Politiques sexuelles et besoins sociaux : pour un féminisme marxiste
Dans le sillage des études et des mouvements queer, les identités sexuelles n’ont jamais autant fait l’épreuve d’une attention et d’une élaboration critique. Il est désormais d’usage de critiquer un mouvement gay et lesbien mainstream, de débattre ou de chercher à élargir les coalitions lesbiennes, gay, bi, trans (LGBT), ou encore de proposer une refondation queer des politiques sexuelles. Rosemary Hennessy propose ici de s’appuyer sur l’approche marxiste des besoins sociaux pour reconceptualiser les liens entre identités et rapports sociaux. Elle fait l’hypothèse d’une refondation marxiste et féministe des politiques sexuelles, appuyé sur la pluralité et l’étendue des besoins réprimés par le capitalisme.
La notion de « féminisme matérialiste » est désormais incontournable dans le féminisme universitaire. Il me semble pourtant évident que le « matérialisme » revendiqué par ce courant souffre de limites notables : il est en effet polarisé autour des enjeux liés au « discours » et à la culture au mépris des autres dimensions de la vie sociale. Ce nouveau « matérialisme culturel » est bel et bien en rupture avec le « matérialisme historique » ayant inspiré le féminisme historiquement lié aux gauches radicales, tant et si bien que ces nouvelles approches « féministes matérialistes » ont obscurci les apports du féminisme marxiste pour comprendre les phénomènes culturels. C’est pour cette raison qu’il est à mon avis essentiel de réaffirmer avec force l’importance du « féminisme marxiste » (contre les stratégies de censure anticommunistes et l’idée qu’« il n’y a pas d’alternative » au régime dominant), et de souligner la pertinence d’une critique matérialiste et historique du capitalisme. En puisant dans cette tradition, ainsi que dans l’important corpus des marxistes et féministes du siècle passé, le féminisme marxiste est à même de penser les relations systémiques entre les formations culturelles et le capital, et ce faisant de renforcer les politiques de coalition et de transformation sociale1.

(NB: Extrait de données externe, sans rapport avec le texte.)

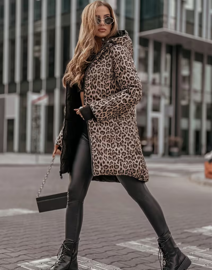 Şıklık ve fonksiyonelliği bir arada sunan Çift Taraflı Leopar Şişme Mont, kış sezonunun en dikkat çekici parçalarından biri!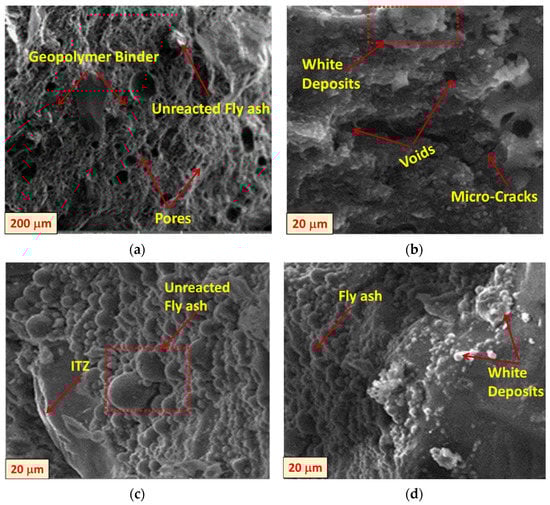 - The microstructural analysis of the HSGPC specimens revealed the presence of characteristics, such as white deposits, pores, micro-cracks, Na-Al-Si-H gel and ITZ formation. Moreover, a number of unreacted fly ash particles were witnessed in the case of the ambient-cured GPC specimens due to the insufficient heat generally required to initiate the polymerization reaction.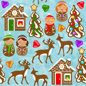 This design puts everything together in one repeat: gingerbread houses and people, Christmas trees, deer, and sugarplums on an ice blue background.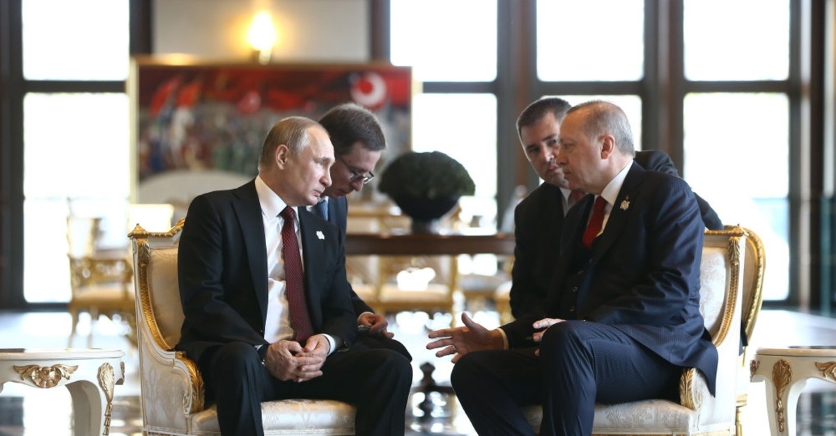 President Erdou011fan and his Russian counterpart President Putin during a one-to-one meeting at the Presidential Complex, in the capital Ankara, April 3, 2018.

La relation entre l’évolution des formes culturelles (de genre, de sexualité, de nationalité, de race – pour n’en nommer que quelques unes) et l’économie politique – les rapports sociaux fondamentaux qui sont l’essence même du capitalisme – est l’un des enjeux du débat entre matérialisme culturel et matérialisme historique (ou marxiste). Si ce type d’analyse, inscrite dans le féminisme marxiste, est non seulement possible mais nécessaire, c’est précisément parce qu’il prend le capitalisme comme un point de départ de la théorie et de la pratique : c’est l’organisation sociale dominante à travers laquelle les individus reproduisent leurs conditions d’existence ; en outre, le coût social et humain de cette organisation ne cesse de progresser à mesure que ce système se mondialise.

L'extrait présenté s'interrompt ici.